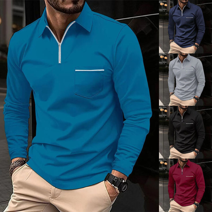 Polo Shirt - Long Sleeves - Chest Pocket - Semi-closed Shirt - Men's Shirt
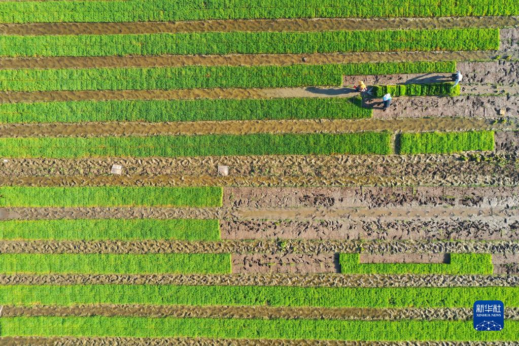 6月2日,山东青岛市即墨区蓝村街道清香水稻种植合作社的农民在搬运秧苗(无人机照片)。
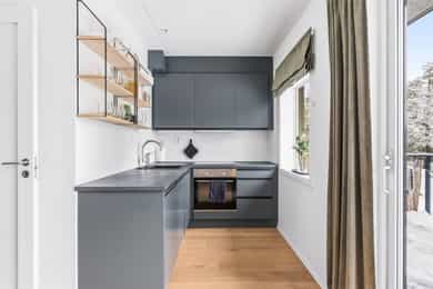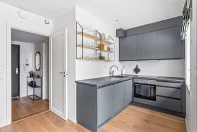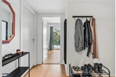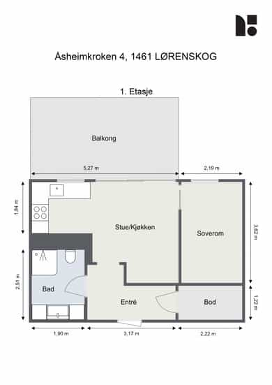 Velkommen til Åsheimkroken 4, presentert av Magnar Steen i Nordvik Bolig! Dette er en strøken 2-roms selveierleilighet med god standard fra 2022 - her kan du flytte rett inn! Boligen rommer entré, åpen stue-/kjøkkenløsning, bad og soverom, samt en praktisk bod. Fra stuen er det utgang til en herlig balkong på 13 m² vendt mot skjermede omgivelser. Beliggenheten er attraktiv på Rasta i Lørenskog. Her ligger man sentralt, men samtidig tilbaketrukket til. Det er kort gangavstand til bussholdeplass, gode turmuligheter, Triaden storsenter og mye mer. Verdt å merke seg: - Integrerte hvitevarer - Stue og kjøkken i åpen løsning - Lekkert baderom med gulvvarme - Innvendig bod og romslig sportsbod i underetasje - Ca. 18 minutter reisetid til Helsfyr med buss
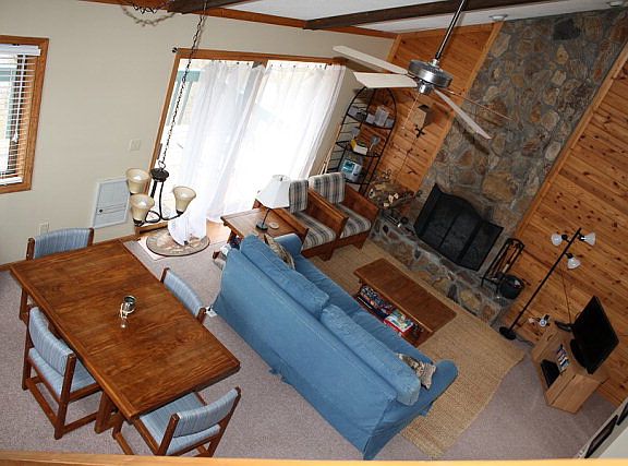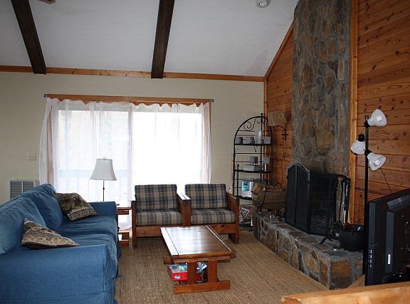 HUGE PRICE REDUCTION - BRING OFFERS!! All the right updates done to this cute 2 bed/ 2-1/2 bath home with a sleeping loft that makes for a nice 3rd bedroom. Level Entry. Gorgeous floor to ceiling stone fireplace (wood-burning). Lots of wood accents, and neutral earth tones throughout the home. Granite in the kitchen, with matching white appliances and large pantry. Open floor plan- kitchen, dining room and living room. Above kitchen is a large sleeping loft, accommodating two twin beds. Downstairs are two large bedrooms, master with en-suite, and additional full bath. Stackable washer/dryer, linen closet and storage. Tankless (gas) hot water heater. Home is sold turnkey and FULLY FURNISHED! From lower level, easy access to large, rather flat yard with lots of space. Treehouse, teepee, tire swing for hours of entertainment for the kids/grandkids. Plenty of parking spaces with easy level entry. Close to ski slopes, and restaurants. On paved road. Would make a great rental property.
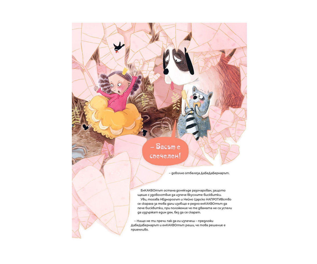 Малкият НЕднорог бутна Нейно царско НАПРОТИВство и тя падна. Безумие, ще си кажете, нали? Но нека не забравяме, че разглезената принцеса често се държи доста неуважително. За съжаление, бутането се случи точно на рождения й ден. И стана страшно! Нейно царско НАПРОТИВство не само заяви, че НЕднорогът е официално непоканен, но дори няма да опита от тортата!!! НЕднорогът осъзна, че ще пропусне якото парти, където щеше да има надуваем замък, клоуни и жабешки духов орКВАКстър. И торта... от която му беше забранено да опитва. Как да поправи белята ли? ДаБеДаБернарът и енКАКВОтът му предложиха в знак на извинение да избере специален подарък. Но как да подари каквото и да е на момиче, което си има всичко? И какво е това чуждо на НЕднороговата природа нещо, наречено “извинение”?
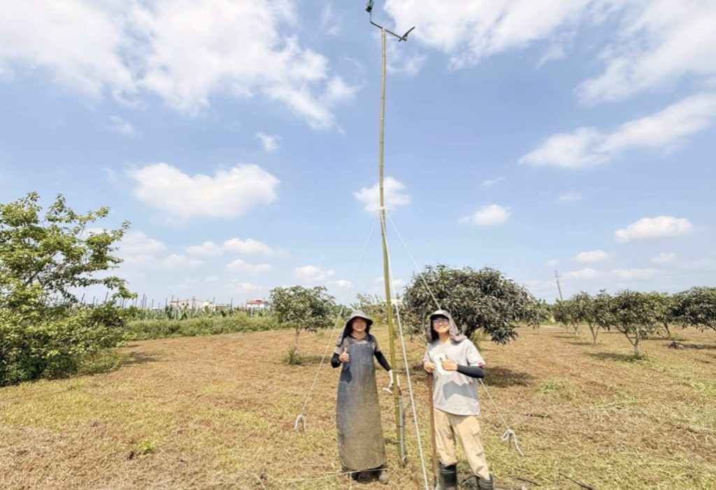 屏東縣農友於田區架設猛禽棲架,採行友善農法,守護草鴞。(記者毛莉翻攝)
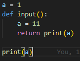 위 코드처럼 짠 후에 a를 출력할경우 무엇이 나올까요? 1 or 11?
---
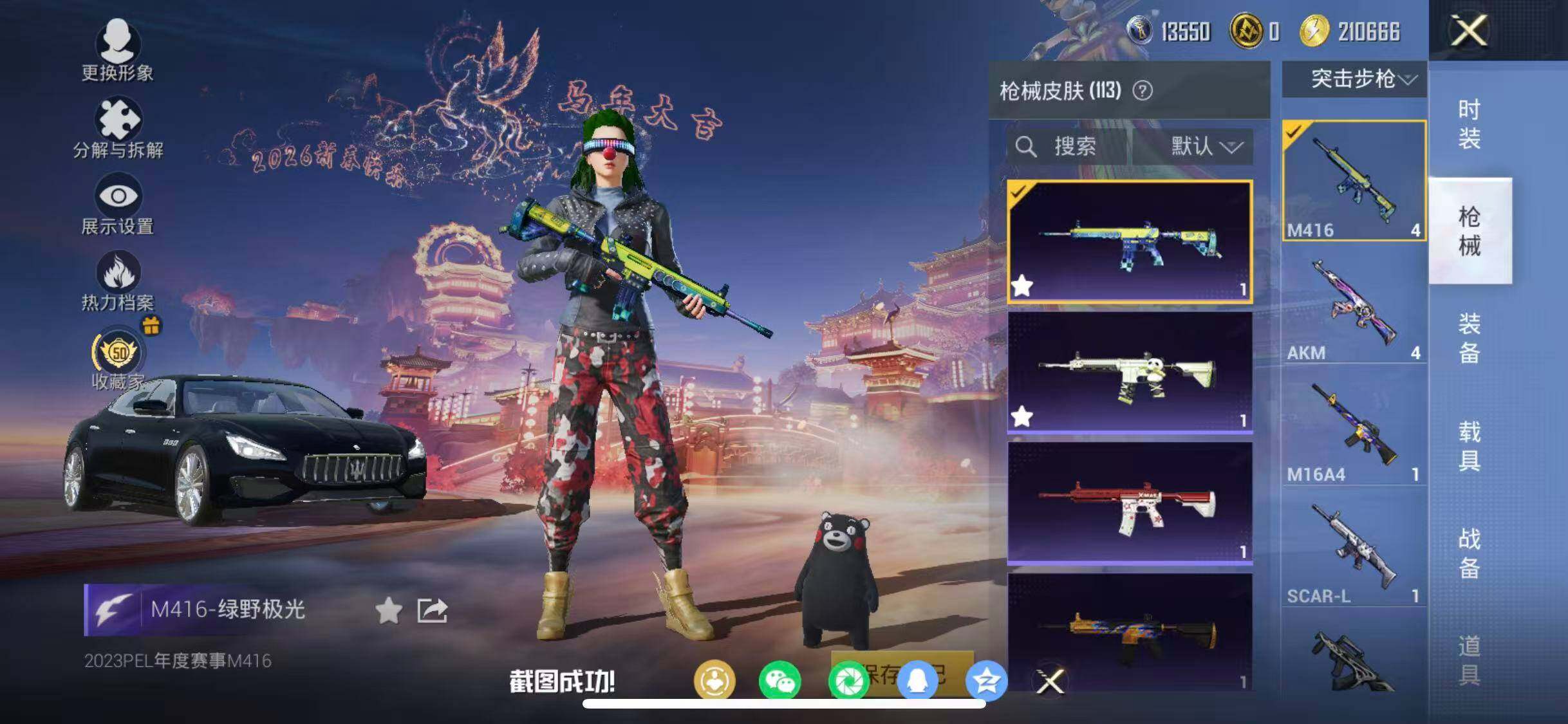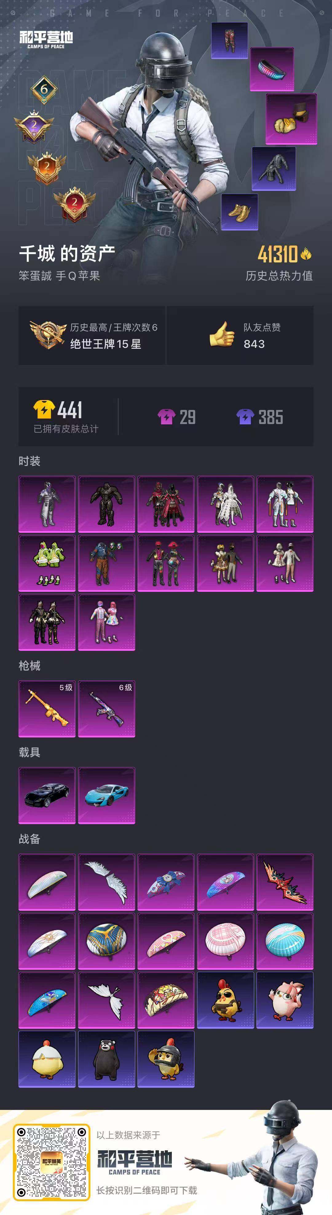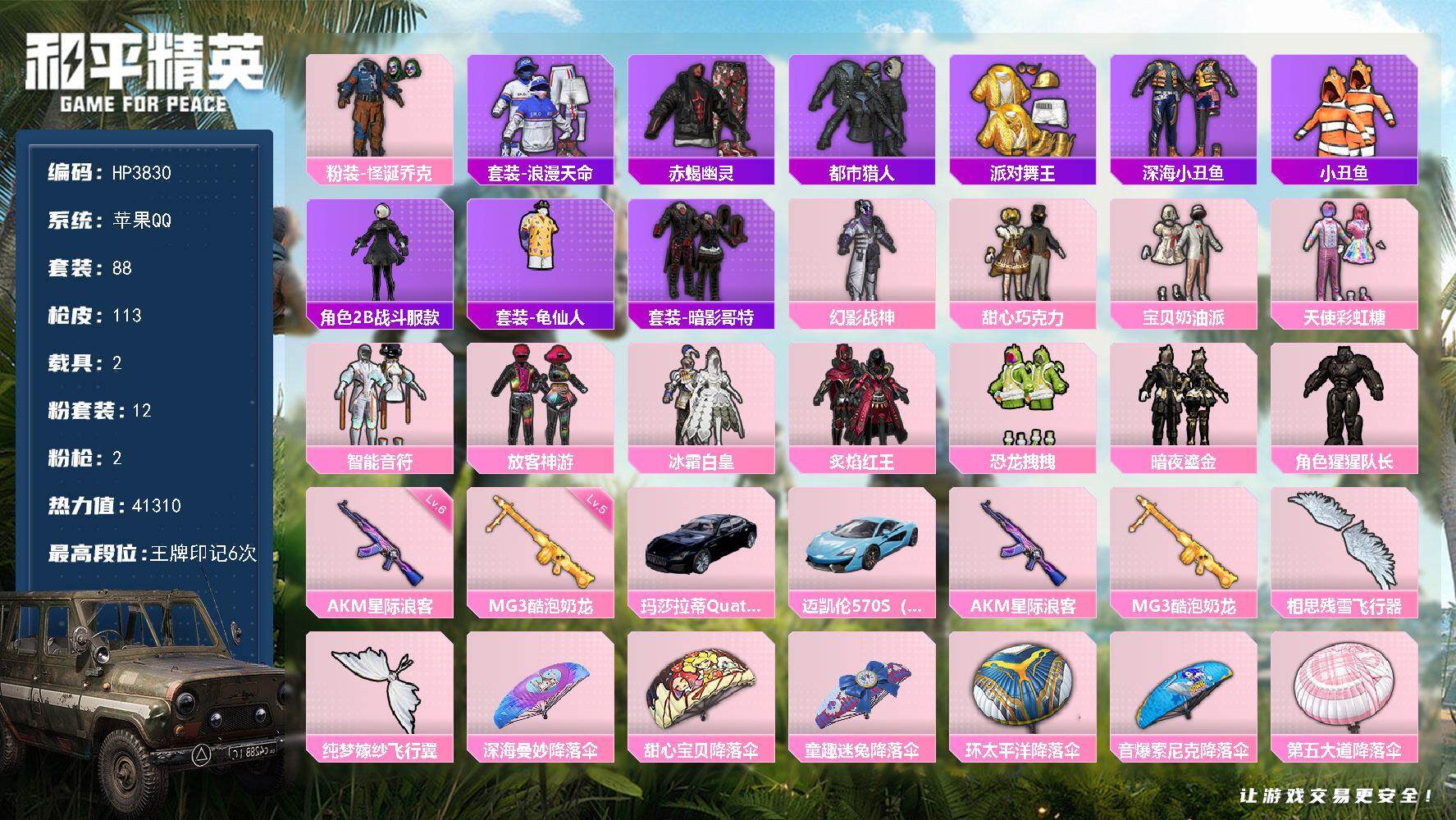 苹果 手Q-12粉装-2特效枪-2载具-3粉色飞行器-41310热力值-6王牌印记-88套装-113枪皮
...
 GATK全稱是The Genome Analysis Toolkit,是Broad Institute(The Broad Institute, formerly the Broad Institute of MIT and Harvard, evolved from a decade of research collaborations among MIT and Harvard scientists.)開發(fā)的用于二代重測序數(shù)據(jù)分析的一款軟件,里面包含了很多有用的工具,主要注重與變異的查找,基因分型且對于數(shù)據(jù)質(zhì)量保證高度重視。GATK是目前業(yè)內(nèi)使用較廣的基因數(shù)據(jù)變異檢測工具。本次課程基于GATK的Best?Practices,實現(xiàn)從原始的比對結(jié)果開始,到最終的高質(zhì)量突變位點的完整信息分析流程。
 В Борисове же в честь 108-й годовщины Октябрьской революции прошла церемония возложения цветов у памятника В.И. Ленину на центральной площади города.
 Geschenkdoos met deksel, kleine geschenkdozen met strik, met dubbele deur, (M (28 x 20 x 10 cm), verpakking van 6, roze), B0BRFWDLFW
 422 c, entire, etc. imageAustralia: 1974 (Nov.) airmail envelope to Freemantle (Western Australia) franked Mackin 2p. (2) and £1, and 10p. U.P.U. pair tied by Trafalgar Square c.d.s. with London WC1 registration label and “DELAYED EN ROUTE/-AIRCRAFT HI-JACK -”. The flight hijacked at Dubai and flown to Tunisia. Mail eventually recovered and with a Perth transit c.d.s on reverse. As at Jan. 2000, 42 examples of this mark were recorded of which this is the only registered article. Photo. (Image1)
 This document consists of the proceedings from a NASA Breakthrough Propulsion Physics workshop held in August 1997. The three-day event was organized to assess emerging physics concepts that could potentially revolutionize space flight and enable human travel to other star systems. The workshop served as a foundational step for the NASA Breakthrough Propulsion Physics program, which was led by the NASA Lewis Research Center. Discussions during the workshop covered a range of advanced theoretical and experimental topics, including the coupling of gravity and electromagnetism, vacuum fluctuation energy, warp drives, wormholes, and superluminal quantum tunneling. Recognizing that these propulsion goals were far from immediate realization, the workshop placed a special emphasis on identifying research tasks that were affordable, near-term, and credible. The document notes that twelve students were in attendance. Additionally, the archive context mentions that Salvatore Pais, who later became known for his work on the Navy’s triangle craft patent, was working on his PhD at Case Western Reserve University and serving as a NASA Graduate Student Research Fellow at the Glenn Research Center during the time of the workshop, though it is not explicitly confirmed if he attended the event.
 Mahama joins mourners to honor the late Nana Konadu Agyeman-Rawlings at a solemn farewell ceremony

◆ **WHAT YOU ARE ASKED TO DO**: Looking back over the data above, restate word for word the lines that begin at the line with "В Борисове же" and end at the line with "Geschenkdoos met deksel, kleine", inclusive.

◆ **COMPLETED TASK**:
 В Борисове же в честь 108-й годовщины Октябрьской революции прошла церемония возложения цветов у памятника В.И. Ленину на центральной площади города.
 Geschenkdoos met deksel, kleine geschenkdozen met strik, met dubbele deur, (M (28 x 20 x 10 cm), verpakking van 6, roze), B0BRFWDLFW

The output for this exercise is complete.